SISTER IRMINGARD WATCHES the American consul lift the small boy under his shoulders and twirl him around in the air. The child shrieks euphorically and cries out “Again!” when Ryan gently deposits him back on the ground in the midst of the throng of orphans who surrounded the diplomat the moment he walked through the gates.
“I have to see the Sister,” he says, chuckling, and he pats the boy along the top of his back, a gesture that is somewhere between an endearment and a shoo. Then he shields his eyes from the sun with his hand and spots her. He waves when he sees her in a corner of the courtyard, a sentinel, and works his way through the children. One of the boys dives at his feet and hangs on to his leg like a dog. The consul leans over and peels the child’s fingers from his trousers, murmuring, “Now, now, I do need my leg. You seem to have a perfectly good pair of your own.” He bows ever so slightly when he reaches the nun. “Good day, Sister Irmingard,” he begins. “Your charges seem as … as energetic as ever.”
She smiles at him.
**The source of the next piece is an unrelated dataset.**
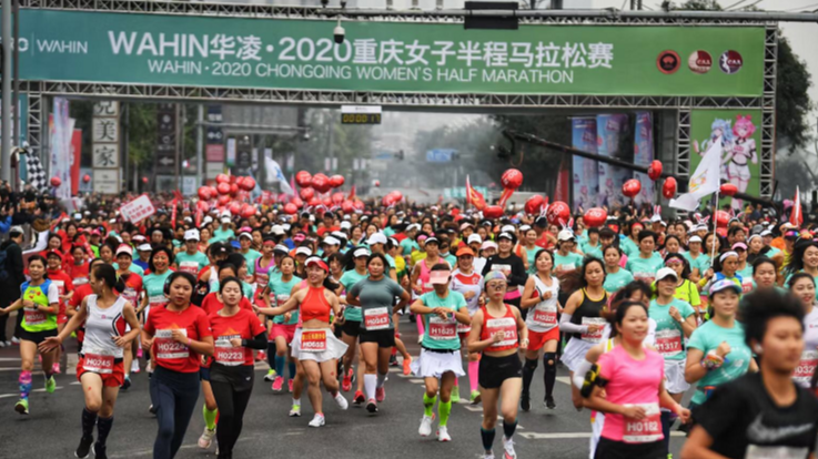 11月8日上午8时,由重庆市体育局指导,重庆日报报业集团主办的2020重庆女子半程马拉松赛在南滨路鸣枪开赛。

She is confident that she knows precisely why he is here. He is going to ask her to take that mute little waif off his hands. Hatoun. And, of course, Sister Irmingard knows she will say yes. Because here at the orphanage is the best place for the child. It may not be perfect, but it is far more suitable than living at the American consulate with a horrifically scarred widow and a directionless young woman as surrogate mothers.
“This is the children’s favorite time of the day,” she tells
him. “When they’re tired, they’ll nap. And then they will spend some more time on their studies before dinner.”
There is a shriek behind them when the boys fall upon the very child Ryan had spun in the air, pounding at him with their fists and kicking him with their sandal-clad feet. She is about to go and pull apart the scrum when Sister Geraldine dives in and separates the young brawlers.
“I have a favor to ask,” Ryan says. He pats at the dampness on his forehead with a handkerchief.
She nods, waiting. She knows what a sin pride can be, so she takes a small breath to calm herself as her mind forms the thought, I knew this was coming. But anyone would. Everyone, in fact. It was obvious from the beginning the child would be back.
“I have some pictures in my possession,” Ryan begins. “It’s a long story. But I want to get them out of Aleppo and I thought, well, that a nun might be able to help.”
SAYIED AKCAM KNOWS of the thousands of women who have killed themselves by hurling themselves into the deep waters of the Euphrates—a visiting Swiss physician told him how every day this past summer he had seen half a dozen bodies float past in the river—or by leaping from the cliffs of the rocky mesas in the desert, but he has been spared their corpses. Not today. The woman is still breathing, barely, but he doubts she will survive into the afternoon or open her eyes ever again. A German soldier and a German diplomat carried her here just after dawn. They discovered her at the foot of the eastern walls of the citadel. The diplomat recognized her—despite the fact that one of her cheeks had swollen like a soccer ball and a crust of blood had scabbed from her eye to her jaw—as the Armenian who cleaned the consulate and changed the linens on the beds. After determining that there was absolutely nothing in the world he could do for her, Akcam had her placed in the bed of a girl who had been moved to the orphanage yesterday. The woman must have landed first on her legs, because the bones in her feet and her shins had been reduced to gravel.